Il y a une bonne raison pour que la légèreté ne se transforme pas en désinvolture. Durant la crise du coronavirus, il y a beaucoup de choses que nous faisons mieux que nos voisins. Nous tirons moins à hue et à dia, les mesures restrictives sont généralement moins nombreuses, les mesures d'ouverture sont plus courageuses et surtout, une population qui porte certes un regard critique sur la politique, mais s'en tient quand même globalement aux instructions données par Berne. Il aurait sans doute été possible de faire mieux dans certains domaines, peu nombreux cependant. Grâce à des mesures prudentes, nous pouvons de nouveau profiter de toutes les libertés que nous avions avant la pandémie, sauf en masses. Pourvu que cela dure. Presque chacun d'entre nous a vécu différemment la pandémie, mais nombreux sont sans doute ceux qui adapteront leur comportement de manière durable. Le télétravail ne peut plus être remis en question, les achats en ligne encore moins et Netflix et Cie se réjouissent d'une forte hausse des abonnements. Jusqu'à présent, le mot d'ordre était de passer plus de temps à la maison ou à proximité plutôt qu'au loin. Maintenant, chacun récupère certes un peu de normalité, mais bon nombre de gens ne retrouveront pas totalement leur ancien rythme. Il y a cependant une chose qui se pratique de nouveau en dépit du bon sens, c'est beaucoup de bruit pour rien. Je veux parler du vacarme du 1er août.

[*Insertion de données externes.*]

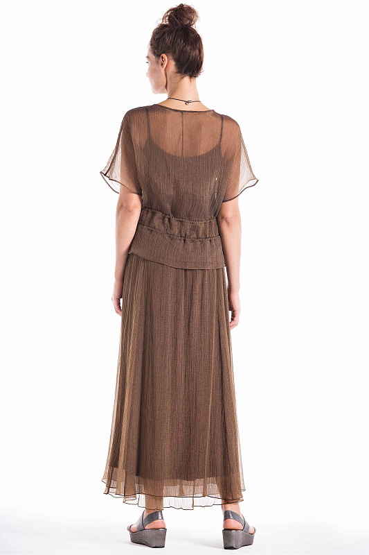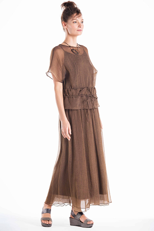 Блуза со спущенной линией проймы, круглым вырезом горловины и двумя кулисами по линии талии, позволяющими имитировать баску.
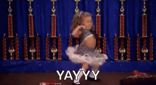 Paglalarawan ng Content: a little girl in a tutu is dancing in front of trophies and the words yayyy are above her .
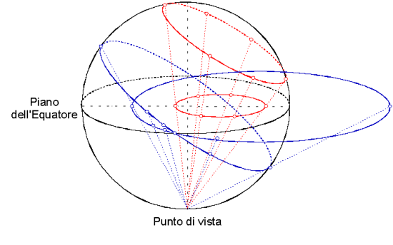 La rappresentazione di un cerchio minore ed un cerchio massimo

Je suis bien sûr patriote et je considère que la fête nationale est une date importante que tout le monde devrait pouvoir célébrer à sa guise. Mais est-ce que cela doit toujours être aussi bruyant? Lors d'une fête de la Saint-Sylvestre quand j'étais étudiant, nous avions pour devise «du pain plutôt que des pétards». C'était au début des années 1980 et à l'époque nous étions très sensibles à la question de l'alimentation mondiale. Nous faisions donc la fête sans les pétards, mortiers et pyramides de feu. Cela se passait très bien comme vous pouvez l'imaginer et l'ambiance n'en souffrait pas le moins du monde. Pourquoi gaspillons-nous alors trois francs par habitant en pure fumée? C'est la tradition, disent les partisans, du gaspillage, une pollution sonore et environnementale et même de l'ensemble de la faune, disent les adversaires. Et ils n'ont pas vraiment tort. Mais à nos yeux, nos fusées et nos mortiers sont comme les armes pour les Américains. C'est une affaire privée dont nous ne nous laisserons pas priver, un point c'est tout. C'est ainsi que j'ai de nouveau dû mettre le chien hors course cette année, lorsque le bombardement s'est produit et qu'une vingtaine de millions de francs sont partis en fumée. Une habitude stupide que nous aurions également pu abandonner avec le coronavirus. Au plan économique, toute cette pétarade est également loin de rapporter autant qu'elle ne coûte. Une pure absurdité qui se poursuit, comme nous avons pu le voir et l'entendre dimanche partout en Suisse.